TASK DATA »
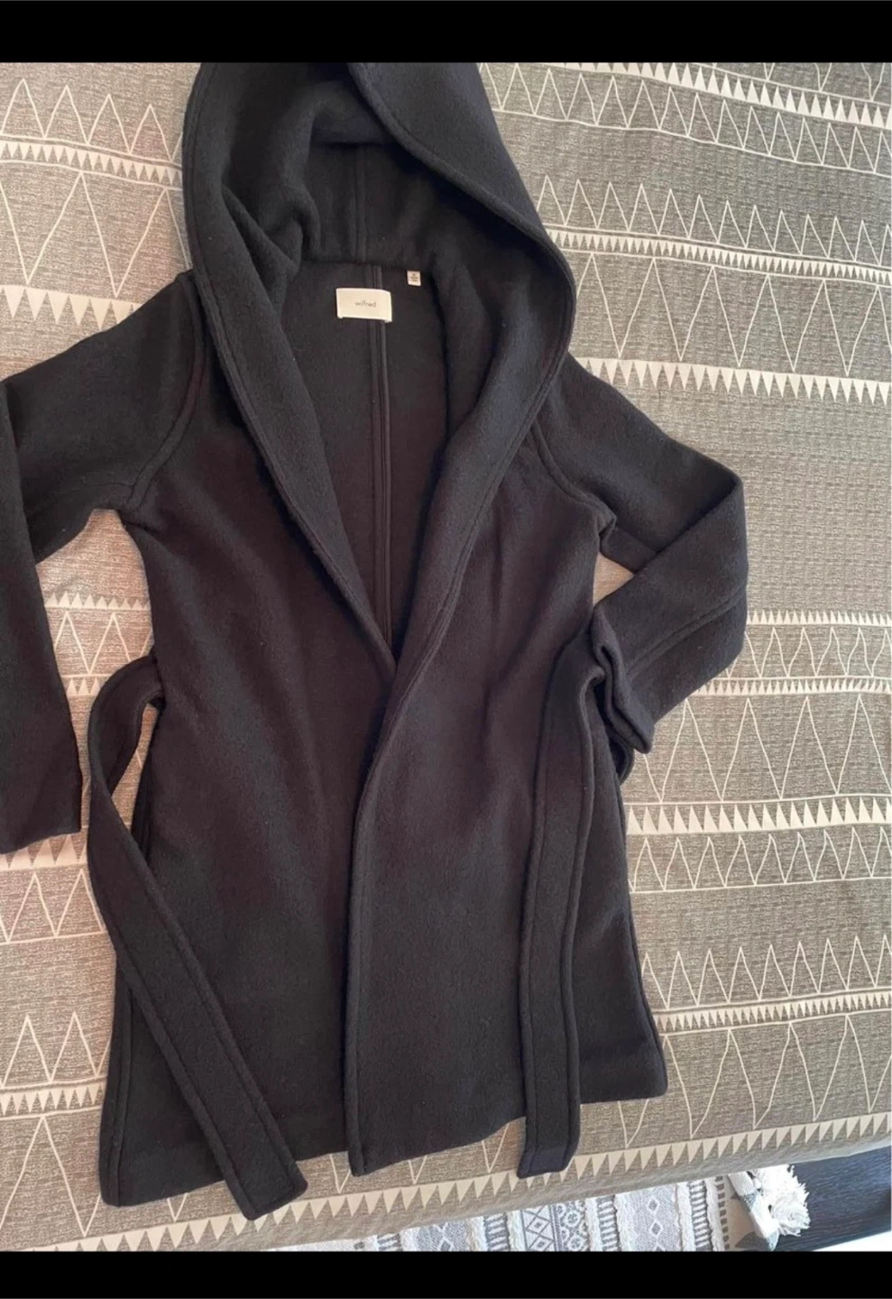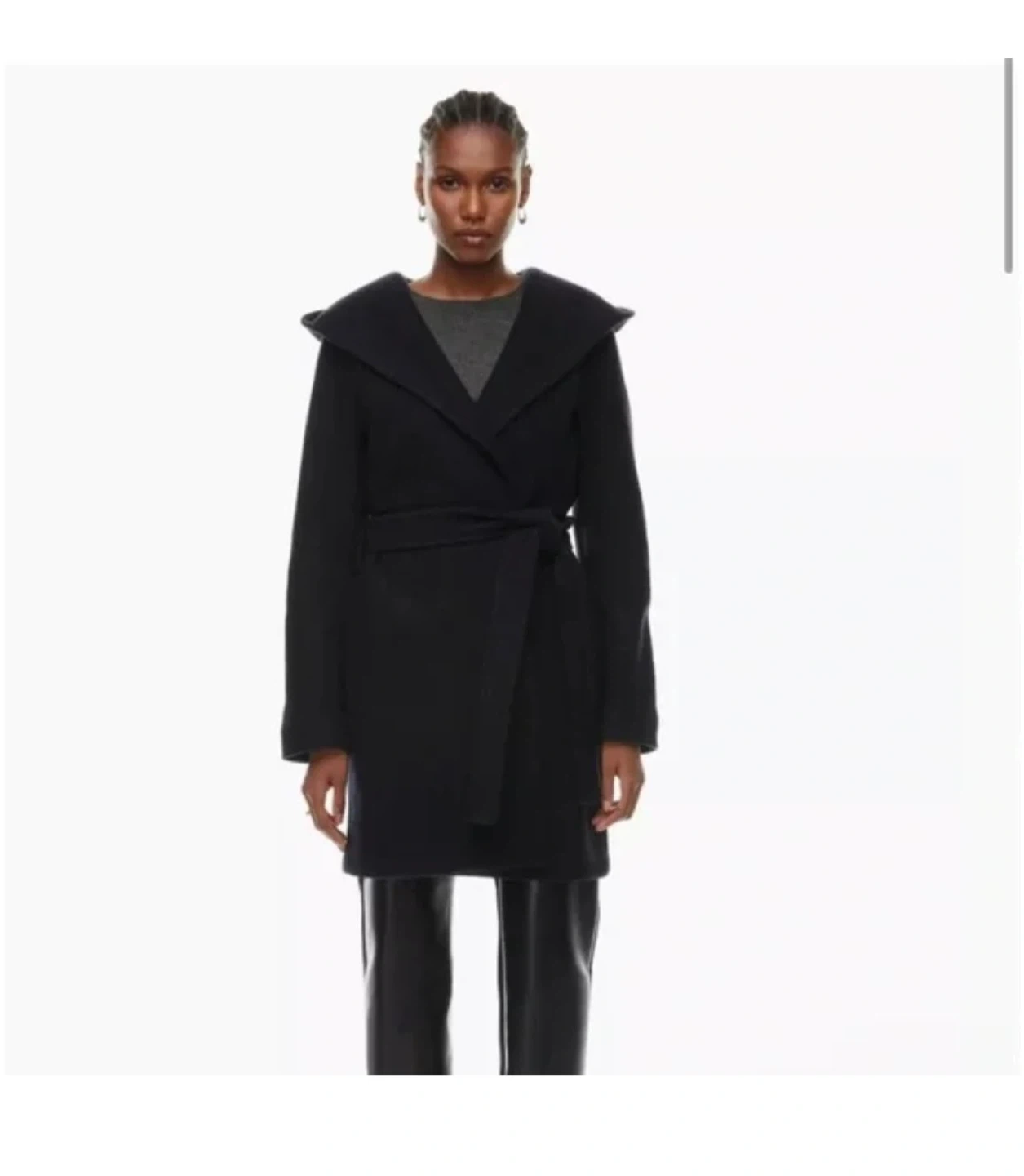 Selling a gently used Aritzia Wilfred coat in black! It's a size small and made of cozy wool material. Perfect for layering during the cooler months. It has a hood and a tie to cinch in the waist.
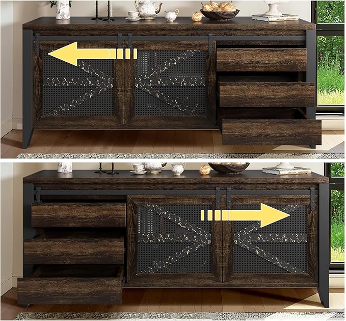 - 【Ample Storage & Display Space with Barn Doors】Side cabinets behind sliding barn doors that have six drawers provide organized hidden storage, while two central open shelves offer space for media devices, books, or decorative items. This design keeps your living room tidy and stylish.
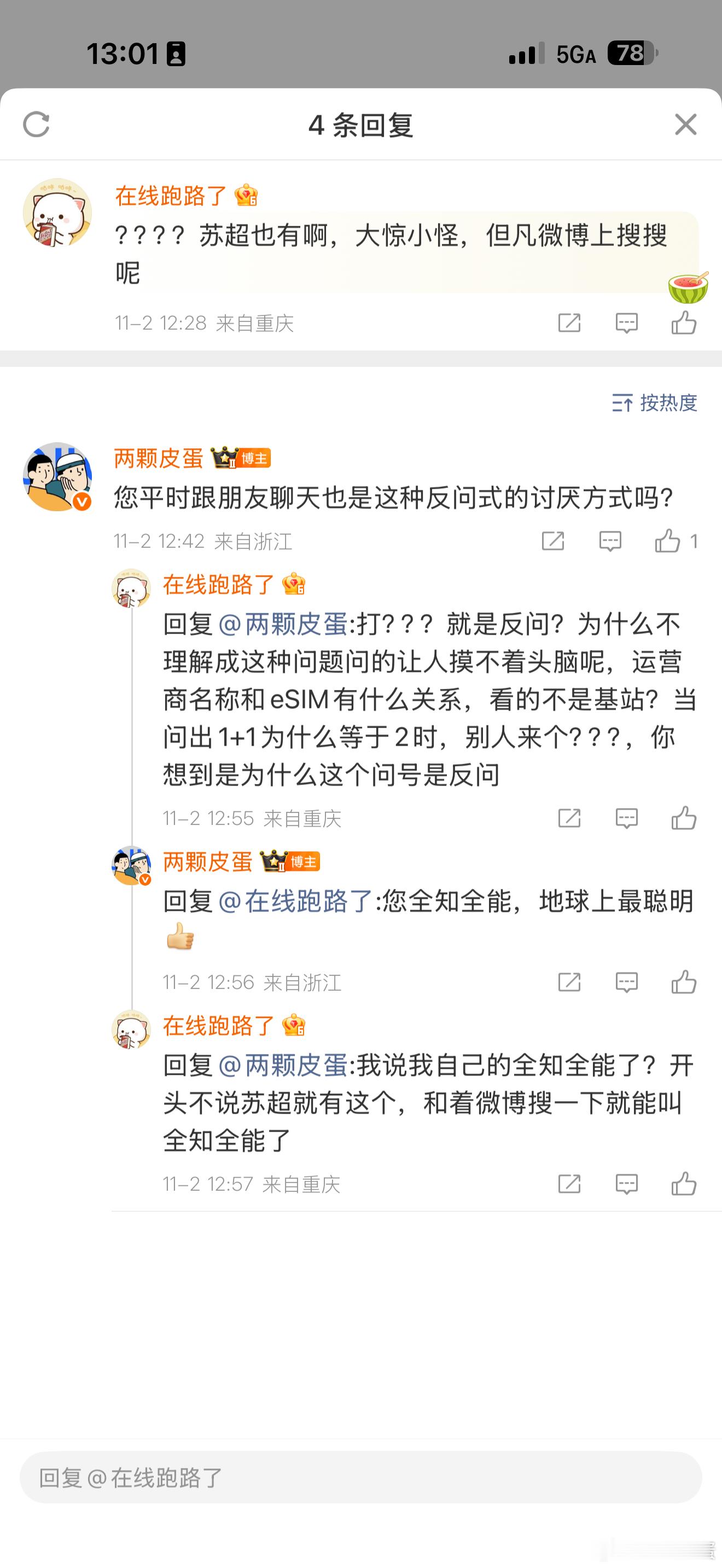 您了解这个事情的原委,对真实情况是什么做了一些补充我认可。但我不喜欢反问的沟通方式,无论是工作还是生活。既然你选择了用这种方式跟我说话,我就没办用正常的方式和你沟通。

==

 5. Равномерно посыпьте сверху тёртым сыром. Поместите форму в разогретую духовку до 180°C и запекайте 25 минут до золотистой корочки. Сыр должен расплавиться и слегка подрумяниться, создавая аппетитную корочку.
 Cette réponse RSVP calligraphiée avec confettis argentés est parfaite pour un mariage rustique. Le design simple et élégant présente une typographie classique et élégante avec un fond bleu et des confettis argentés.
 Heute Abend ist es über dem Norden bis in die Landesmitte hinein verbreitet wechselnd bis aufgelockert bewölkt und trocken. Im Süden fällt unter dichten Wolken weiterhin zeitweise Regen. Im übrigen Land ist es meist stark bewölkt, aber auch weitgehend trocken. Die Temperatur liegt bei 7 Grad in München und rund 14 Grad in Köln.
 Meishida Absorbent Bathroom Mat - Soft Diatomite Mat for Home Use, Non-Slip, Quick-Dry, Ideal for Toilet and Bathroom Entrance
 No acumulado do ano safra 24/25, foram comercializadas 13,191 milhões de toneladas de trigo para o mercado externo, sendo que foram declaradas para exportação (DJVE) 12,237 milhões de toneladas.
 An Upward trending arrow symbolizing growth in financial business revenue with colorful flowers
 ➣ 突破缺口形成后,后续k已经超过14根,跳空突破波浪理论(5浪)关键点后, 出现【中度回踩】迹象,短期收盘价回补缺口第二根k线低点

...

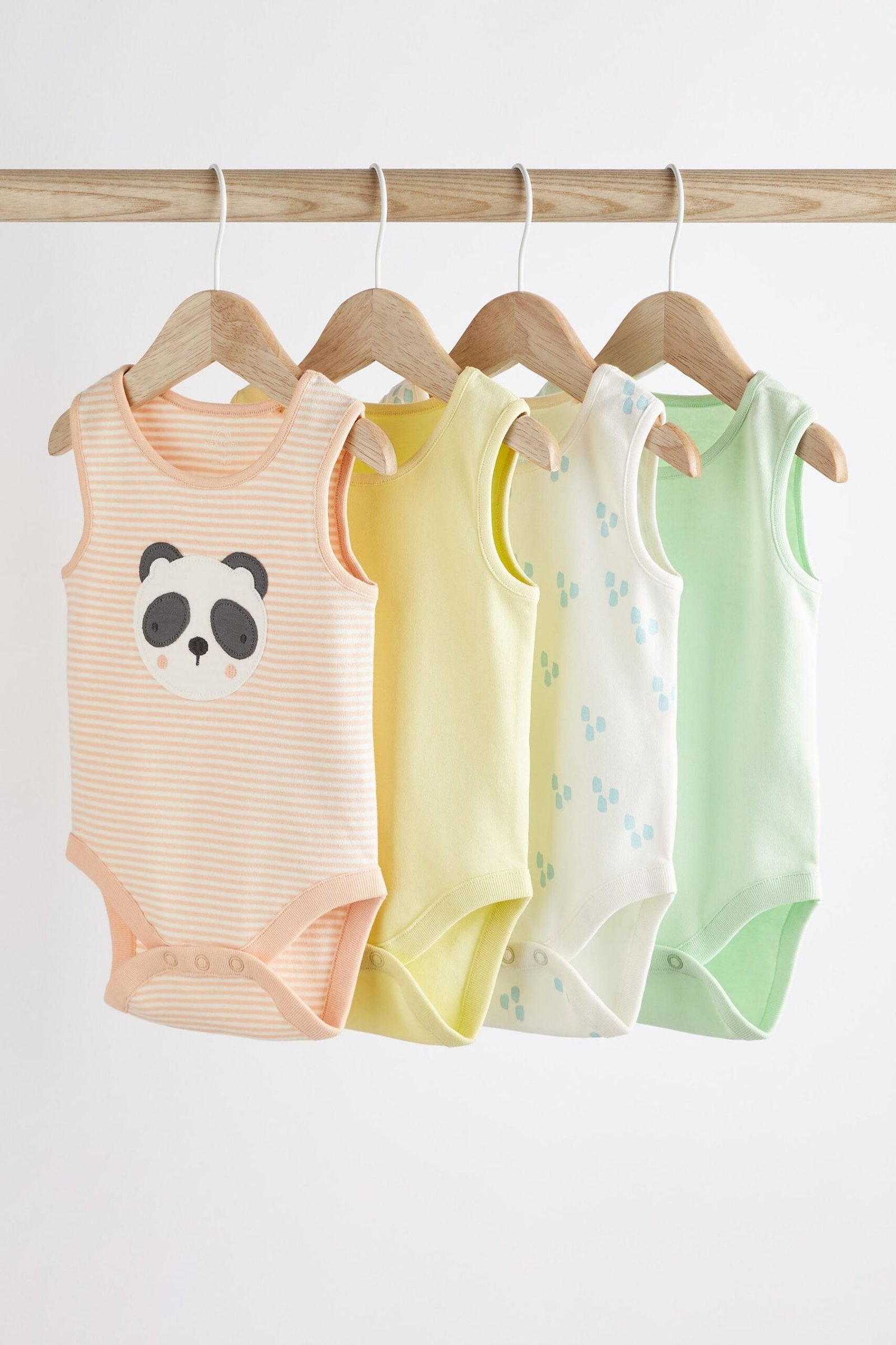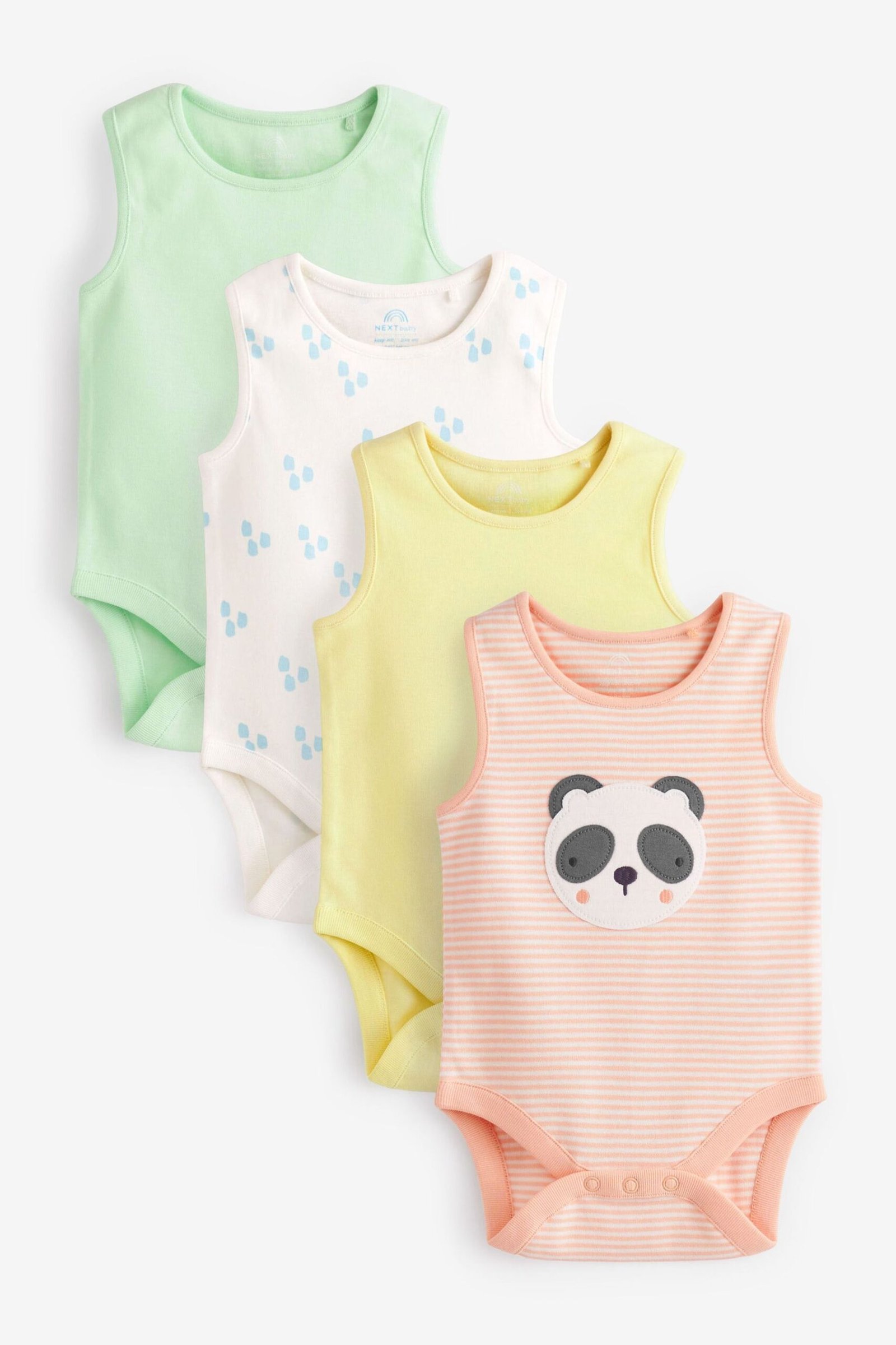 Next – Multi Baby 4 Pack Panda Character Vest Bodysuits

TASK INSTRUCTIONS »
Above are some records. Output exactly the lines from the one that contains "Selling a gently" to the one that contains "您了解这个事情的原委,对真实", keeping both, and omit the pictures.

EXERCISE RESPONSE »
 Selling a gently used Aritzia Wilfred coat in black! It's a size small and made of cozy wool material. Perfect for layering during the cooler months. It has a hood and a tie to cinch in the waist.
 - 【Ample Storage & Display Space with Barn Doors】Side cabinets behind sliding barn doors that have six drawers provide organized hidden storage, while two central open shelves offer space for media devices, books, or decorative items. This design keeps your living room tidy and stylish.
 您了解这个事情的原委,对真实情况是什么做了一些补充我认可。但我不喜欢反问的沟通方式,无论是工作还是生活。既然你选择了用这种方式跟我说话,我就没办用正常的方式和你沟通。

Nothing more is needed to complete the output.